Split L2 input and output objectFifos for memTile/shimTile distribution

nod-ai / iree-amd-aie

IREE plugin repository for the AMD AIE accelerator

Apache License 2.0

69 stars 30 forks source link

Split L2 input and output objectFifos for memTile/shimTile distribution #903

Closed yzhang93 closed 1 day ago

yzhang93 commented 1 week ago

This is the first PR needed to enable 4x4 AIE array. The L2 objectFifos are split to distribute on multiple memTiles and shimTiles for more channel usage. The shim/mem tile reassignment will be addressed in a separate PR.

Also note this PR doesn't change/combine the previous pass that splitting the third input (elementwise) for connection reuse with mamtul ops. What unclear to me is how matmul-elementwise path will be like for 4x4 AIE cores. If the existing logic is kept, we'll have to split the elementwise op to 16 objectFifos which will be a big challenge given the number of shimTile channels . I'd rather leave it as a separate thing for now before we have a clear path to move forward.

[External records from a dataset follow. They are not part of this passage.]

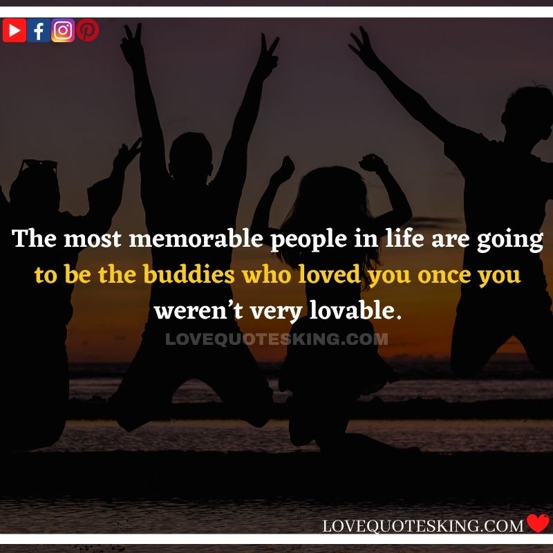 The most memorable people in life are going to be the buddies who loved you once you weren’t very lovable.
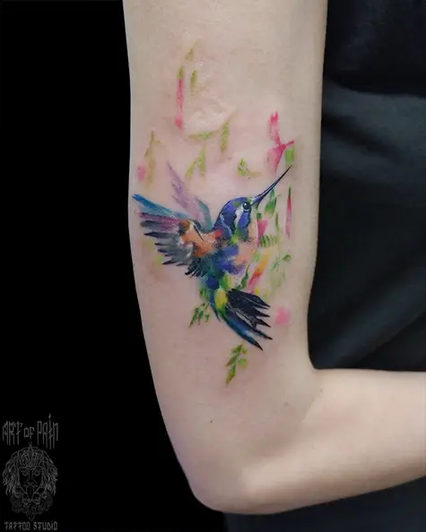 Татуировка женская акварель на плече колибри (Анастасия Родина) 7413
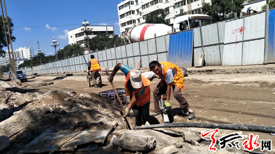 (在秦州区羲皇大道石马坪附近,施工人员正在紧张施工)

@jtuyls I've simplified the functions a bit based on your initial version. Feel free to make modifications/push new commits.

newling commented 6 days ago

It would be nice to have include a motivation for this in the description. I imagine it is to split tensors equally across all memory tiles, rather than putting them entirely on one? If this is the case, are you assuming nrows = ncols in choosing splitFactor? If the array is 4x4 and you have

 %alloc_0 = memref.alloc() : memref<4x1x32x32xi32, 1 : i32>
 %alloc_1 = memref.alloc() : memref<1x4x32x32xi32, 1 : i32>

I guess it works nicely. But is the array is 4x8 (8 cols) and the allocs are 4x1x... and 1x8x... it's not optimal?

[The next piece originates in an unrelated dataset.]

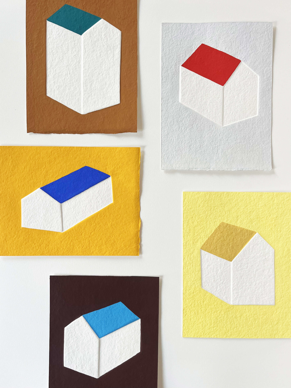 Julie Safirstein. Série Construction. 2026. 15 x 20 cm ou 20 x 15 cm. Gouache sur papier gaufré.
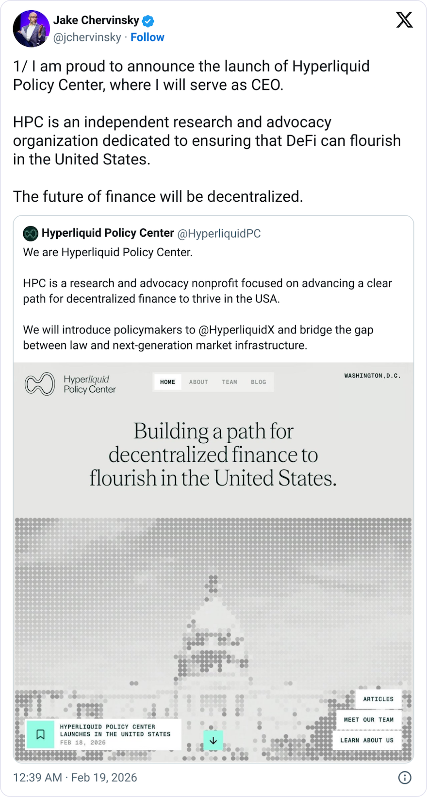 The Hyperliquid Policy Center said on Wednesday that it had launched in Washington, DC, and named Jake Chervinsky as founder and CEO, a veteran crypto lawyer who was the legal head at crypto venture fund Variant and former policy chief at crypto lobbyist Blockchain Association.

yzhang93 commented 3 days ago

It would be nice to have include a motivation for this in the description. I imagine it is to split tensors equally across all memory tiles, rather than putting them entirely on one? If this is the case, are you assuming nrows = ncols in choosing splitFactor? If the array is 4x4 and you have
 %alloc_0 = memref.alloc() : memref<4x1x32x32xi32, 1 : i32>
 %alloc_1 = memref.alloc() : memref<1x4x32x32xi32, 1 : i32>
I guess it works nicely. But is the array is 4x8 (8 cols) and the allocs are 4x1x... and 1x8x... it's not optimal?

Yes, currently it aims for balance use of number of rows and columns (i.g., 2x2/4x4) and added basic support for that. Also it should work for unbalanced use of columns/rows such as A: 4x1x... B: 1x2x...., which will split A into 4 separate objectfifos and B into 2 objectfifos, but we can't control how to distribute these in this pass. I think it's the tiling strategy and the tile assignment strategy that should responsible for the distribution part.

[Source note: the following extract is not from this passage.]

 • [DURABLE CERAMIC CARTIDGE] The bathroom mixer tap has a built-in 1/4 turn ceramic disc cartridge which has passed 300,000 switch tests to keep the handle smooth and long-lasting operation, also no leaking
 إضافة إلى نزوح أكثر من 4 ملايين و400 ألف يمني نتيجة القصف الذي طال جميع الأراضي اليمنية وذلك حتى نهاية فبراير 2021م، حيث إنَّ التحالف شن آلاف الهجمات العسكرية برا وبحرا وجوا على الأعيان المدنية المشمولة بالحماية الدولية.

yzhang93 commented 1 day ago

Yes, currently it aims for balance use of number of rows and columns (i.g., 2x2/4x4) and added basic support for that

It would be great if you can add a check on this in the code. My only remaining requests are

document the assumed relationship between first 2 dims of tensors and nrows, nols

add tests/safeguards for the cases nrows != ncols

I've added more comments for the current assumptions. I'm not adding more tests specially for nrows != ncols, will leave it in the follow ups when the split factor is only depend on the ncols not the way it's hardcoded right now.